I already read Griffiths' "Introduction to Particle Physics" (the 1st edition) from the page 216 to the page 222 (chapter of Quantum Electrodynamics - section "Solution to the Dirac Equation") and I didn't understood why was there the imaginary number in the equation:

$$ ( i \gamma \cdot \mathbf{p} + m ) \psi ( \mathbf{p} ) = 0. $$

And what is the C matrix?

Can anyone help?

 

[StephvsEinst]

EDIT: In the quote I meant:

$$ C \mid \psi \left( \mathbf{p} \right) \rangle = \mid \psi \left( \bar{ \mathbf{p} } \right) \rangle . $$

 

[HomogenousCow]

He basically just Fourier transformed the dirac equation, try it yourself and see what you get.

 

[phyzguy]

In the Dirac equation, psi is not a four-vector. It is a spinor, and they are very different physical objects.

 

[StephvsEinst]

In the Dirac equation, psi is not a four-vector. It is a spinor, and they are very different physical objects.

I was thinking that psi could be described by two different relativistic fields, with each one having a (1 0) or (0 1) (those two states must be read in a COLUMN vector). Wouldn't this give us the four states: 2 different states of spin (up and down) of the particle and 2 different states of spin of the ANTIparticle?

 

[StephvsEinst]

He basically just Fourier transformed the dirac equation, try it yourself and see what you get.

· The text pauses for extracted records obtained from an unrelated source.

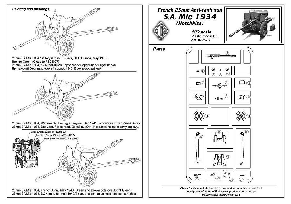 Suggested camouflage options are for: a three colour green & brown gun in French service, May 1940; a whitewash over panzer grey gun in Wehrmacht service, December 1941;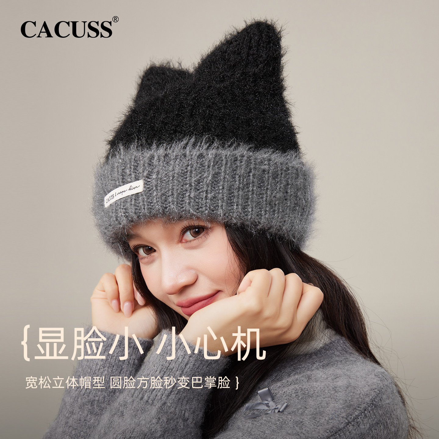 CACUSS猫耳朵帽子女秋冬可爱毛线帽大头围保暖护耳防寒毛绒针织帽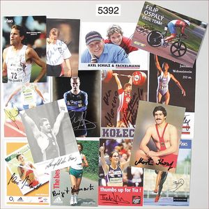Konv. 14 Autogrammkarten, Stabhochsprung, Floé Kühnert, Marc Raquil, Christian Olosson, Philip Ospaly, Radsport, Gewichteheber Szymon Kolecki, Orig.-Unterschrift von Axel Schulz, Ringer Franz Langthaler, Ringer Martin Knops 1977, Astrid Kumbernuss, Kugelstoßerin, schönes Konv.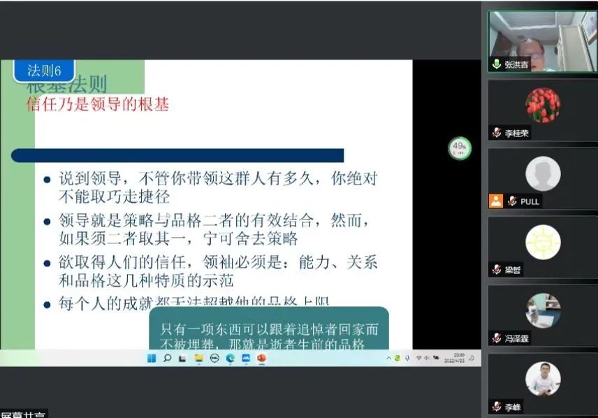 张教授以张艺谋在冬奥会开闭幕式的成功策划和陈一新在武汉防疫中发挥的巨大作用为例,指出领导力与权力并非正相关关系。首先,通过提出“什么是领导力?领导力的中心是哪个字?”两个问题引出领导力的概念。进而指出领导力的中心在于“力”,通过物理“力”的概念推导出领导力的内涵,即领导力包括大小、方向和作用点三个要素,从不同方面改变被领导者的行为状态(效率快慢、行动方向,两者至少有一个会改变)的效果(程度、质量、好坏、优劣)。其次,通过列举现实生活中的典型案例,帮助同学们更好地理解领导力。着重分析了郎平的领导力,指出专业能力、付出精神、和人格魅力构成了郎平强大的领导力。接着讲述了领导力的二十一个法则,强调了盖子法则,即领导能力决定一个人办事的成效水平;影响力法则,即衡量一个人的领导能力,着重观察他所发出的影响力。最后,张教授在线解答同学们在工作和学习中遇到的有关领导力的问题,告诫同学们,踏踏实实学习知识,做好知识储备,才能提升能力;将工作与学习结合,带着课题去学习,才能真正领略到MBA学习的魅力。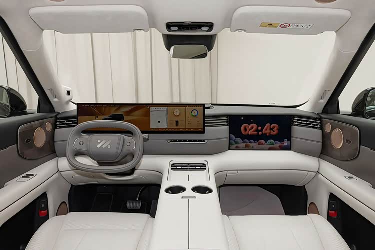 内饰部分,中控台有着不错的设计感,仪表盘和中控屏为悬浮式的连屏造型,副驾一侧还使用了卧屏设计,两幅式的方向盘盘幅使用了不规则的轮廓,有着不错的运动感。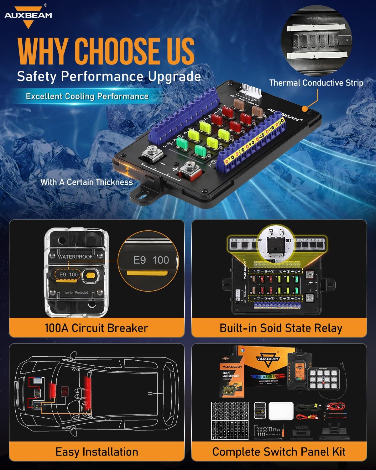 - Safe Protection: The car switch panel is highly sensitive and stable due to its solid-state relay. It is equipped with a circuit breaker that provides over-voltage protection, reverse polarity protection, over-current protection, and thermal protection. The base of the circuit control box is made thicker and includes thermal conductive strips inside, providing excellent heat dissipation.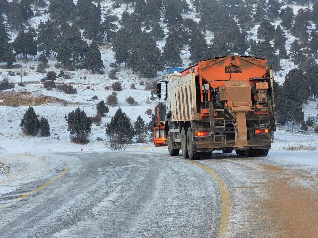 Mersin Büyükşehir Belediyesi ekipleri, Mut ilçesinin yüksek kesimlerinde etkili olan kar yağışı sonrasında kar küreme ve tuzlama çalışmaları yaparak kırsalda yolları açık tutmaya çalışıyor.

How the hell did I not think for once of doing the Fourier transform...
Thank you, I will work on that!

 

[phyzguy]

I was thinking that psi could be described by two different relativistic fields, with each one having a (1 0) or (0 1) (those two states must be read in a COLUMN vector). Wouldn't this give us the four states: 2 different states of spin (up and down) of the particle and 2 different states of spin of the ANTIparticle?

The Dirac spin ψ does in fact have four components, but that does not make it a four-vector. A four-vector and a Dirac spinor transform very differently under coordinate transformations.